1. Problem 26-1, page 760–761.
   • part a. (2 points)
   • part b, write pseudocode (10 points); argue that your algorithm is correct (2 points); analyze its running time (1 point).

2. Problem 26-2, page 761.
   • part a, write pseudocode (8 points); argue for correctness (2 points); analyze the running time (1 point).
   • part b, explain your answer. (4 points)

3. Problem 26-4, page 762. For each part, write pseudocode, explain your algorithm, and justify its O(V + E) running time. (5 points for each part)

4. Consider an arbitrary directed network (G = (V, E), s, t, capacities c: V × V → R⁺) in which we want to find the maximum flow.

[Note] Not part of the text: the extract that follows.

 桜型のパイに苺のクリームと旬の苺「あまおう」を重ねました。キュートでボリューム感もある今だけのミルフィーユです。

Assume for simplicity that all edge capacities are at least 1, and define the capacity of an s-to-t path to be the smallest capacity of its constituent edges, c(p) = min{c(u, v): (u, v) is an edge in p}. The fattest path from s to t is the path with the largest capacity c(p).
   • Show that the fattest s-to-t path in a directed network can be computed by a variant of Dijkstra's algorithm.

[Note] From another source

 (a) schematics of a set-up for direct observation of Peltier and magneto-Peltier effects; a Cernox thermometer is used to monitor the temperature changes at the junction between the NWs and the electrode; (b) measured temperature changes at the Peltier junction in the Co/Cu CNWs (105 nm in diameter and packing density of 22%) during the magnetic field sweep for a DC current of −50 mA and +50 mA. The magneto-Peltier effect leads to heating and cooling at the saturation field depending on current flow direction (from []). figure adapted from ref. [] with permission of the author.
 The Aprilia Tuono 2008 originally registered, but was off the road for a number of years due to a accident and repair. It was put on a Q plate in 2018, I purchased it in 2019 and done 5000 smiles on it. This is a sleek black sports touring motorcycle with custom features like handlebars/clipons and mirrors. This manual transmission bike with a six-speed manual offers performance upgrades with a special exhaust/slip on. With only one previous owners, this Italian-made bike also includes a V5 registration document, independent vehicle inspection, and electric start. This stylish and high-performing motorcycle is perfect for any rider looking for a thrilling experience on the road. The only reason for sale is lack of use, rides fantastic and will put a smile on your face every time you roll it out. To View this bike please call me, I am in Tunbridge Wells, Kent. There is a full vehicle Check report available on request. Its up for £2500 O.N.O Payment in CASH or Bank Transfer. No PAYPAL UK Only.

     • Describe your algorithm in pseudocode. (4 points)
     • Argue for the correctness of your algorithm. (2 points)
     • Analyze the running time of your algorithm. (1 point)
   • Show that the maximum flow in G is the sum of individual flows along at most |E| paths from s to t. (4 points)

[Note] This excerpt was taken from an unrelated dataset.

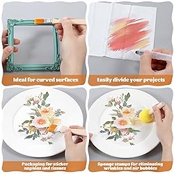 Complete 20-Piece Decoupage Set: This comprehensive kit includes 1 silicone mat, 5 foam brushes, 8 decoupage brushes, 3 water pens, 2 glue bowls, and 1 spray bottle. All tools are reusable and designed to cover every aspect of decoupage projects, making it perfect for beginners and experienced crafters alike. Professional Smoothing Tools: Achieve flawless results with ergonomic foam brushes that smoothly apply decoupage napkins without wrinkles or bubbles. Multiple sizes allow you to cover large surfaces and reach tricky corners while protecting delicate materials. The soft foam ensures even pressure distribution for perfect adhesion every time. Precision Application Brushes: 8 brushes in four different sizes provide ideal coverage for both large areas and fine details. Designed for professional-level adhesion on various surfaces including wood, canvas, terracotta, and plastic. The tapered bristles allow controlled glue application without messy drips or uneven coverage. Smart Workspace Protection: The non-slip silicone mat protects your work surface from glue and scratches, while the specially designed glue bowls feature drip-free pouring spouts. Combined with the adjustable spray bottle that ensures uniform moisture control, these tools maintain a clean, organized workspace throughout your creative process. Versatile Multi-Purpose Use: Perfect for various crafts including furniture renovation, greeting card making, photo frame decoration, and fabric transformation. The water pens enable precise shape tracing while the complete tool selection simplifies applying paper napkins or tissue to any surface. An ideal gift for craft lovers seeking professional results.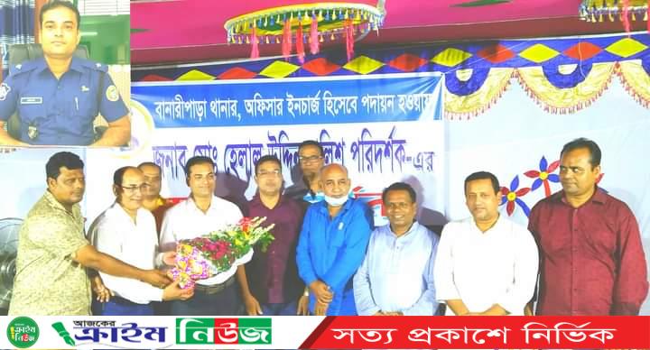 বরিশালের উজিরপুর মডেল থানার ইন্সপেক্টর(তদন্ত) মোঃ হেলাল উদ্দিনের বনারীপাড়া থানায় অফিসার ইনচার্জ (ওসি) হিসেবে পদায়ন হওয়ায় উজিরপুর মডেল থানার পক্ষ থেকে তাকে বিদায় সংবর্ধনা দেওয়া হয়েছে। ১১ সেপ্টেম্বর শুক্রবার সন্ধ্যায় উজিরপুর মডেল থানা চত্বরে এ সংবর্ধনা অনুষ্ঠিত হয়। উজিরপুর মডেল থানার অফিসার ইনচার্জ (ওসি) মোঃ জিয়াউল আহসানের সভাপতিত্বে অনুষ্ঠানে অন্যান্যের মধ্যে উপস্থিত ছিলেন উজিরপুর উপজেলা আওয়ামী লীগের সভাপতি মোঃ জামাল হোসেন,সাধারন সম্পাদক ও পৌর মেয়র মোঃ গিয়াস উদ্দিন বেপারী, নবাগত ইন্সপেক্টর(তদন্ত) মাহবুব হোসেন,আওয়ামী লীগ নেতা আব্দুল হাকিম সেরনিয়াবাত,উজিরপুর উপজেলা ভাইস চেয়ারম্যান অপুর্ব কুমার বাইন রন্টু,শিকারপুর ইউনিয়ন চেয়ারম্যান মোঃ সরওয়ার হোসেন,বড়াকোঠা ইউনিয়নের চেয়ারম্যান মোঃ সহিদুল ইসলাম, প্যানেল মেয়র হেমায়েত উদ্দিন হিমু ,উপজেলা ছাত্রলীগের সভাপতি অসিম কুমার ঘরামী,,বানারীপাড়া পৌর ছাত্রলীগের সাধারন সম্পাদক সজল চৌধুরী, বানারীপাড়া পৌর স্বেচ্ছাসেবক লীগের সভাপতি শফিক শাহিন,সাধারন সম্পাদক ফয়েজ আহমেদ শাওন প্রমুখ।

   • Now show that if we always increase flow along the fattest path in the residual graph, the Ford-Fulkerson algorithm will terminate in at most O(E log| f |) iterations, where | f | is the size (value) of the maximum flow. (4 points)

5. You are given a directed graph G = (V, E), with a source s ∈ V and sink t ∈ V, and nonnegative numbers l(u, v) for each edge (u, v) ∈ E. We define a flow f, and the value of a flow as usual, requiring that all vertices except s and t satisfy flow conservation. However, the given numbers l are lower bounds on the edge flow: i.e., they require that  f (u, v) ≥ l(u, v) for each edge (u, v) ∈ E, and there is no upper bound on flow values on the edges. We call an s-to-t flow f feasible if and only if  f (u, v) ≥ l(u, v) for every edge (u, v). A natural problem in this setting is to find a feasible s-to-t flow of minimum value.
   • Describe an efficient algorithm to compute a feasible s-to-t flow, given the directed graph G = (V, E), the nonnegative numbers l(u, v) for each edge (u, v), and the vertices s and t as input.
     • Describe your algorithm in pseudocode. (8 points)
     • Explain how your algorithm works. (1 point)
     • Analyze the running time of your algorithm. (1 point)
   • Suppose you have a subroutine called MaxFlow that computes maximum flows in networks with edge capacities. Describe an efficient algorithm to compute a minimum flow in a given network with lower bounds l(u, v) on the edges. Your algorithm should call MaxFlow exactly once.
     • Describe your algorithm in pseudocode. (4 points)
     • Analyze the running time of your algorithm. (1 point)
   • State an analogue of the max-flow min-cut theorem for this problem. Prove your theorem (or argue that it is correct). Do minimum flows correspond to maximum cuts? Explain. (5 points)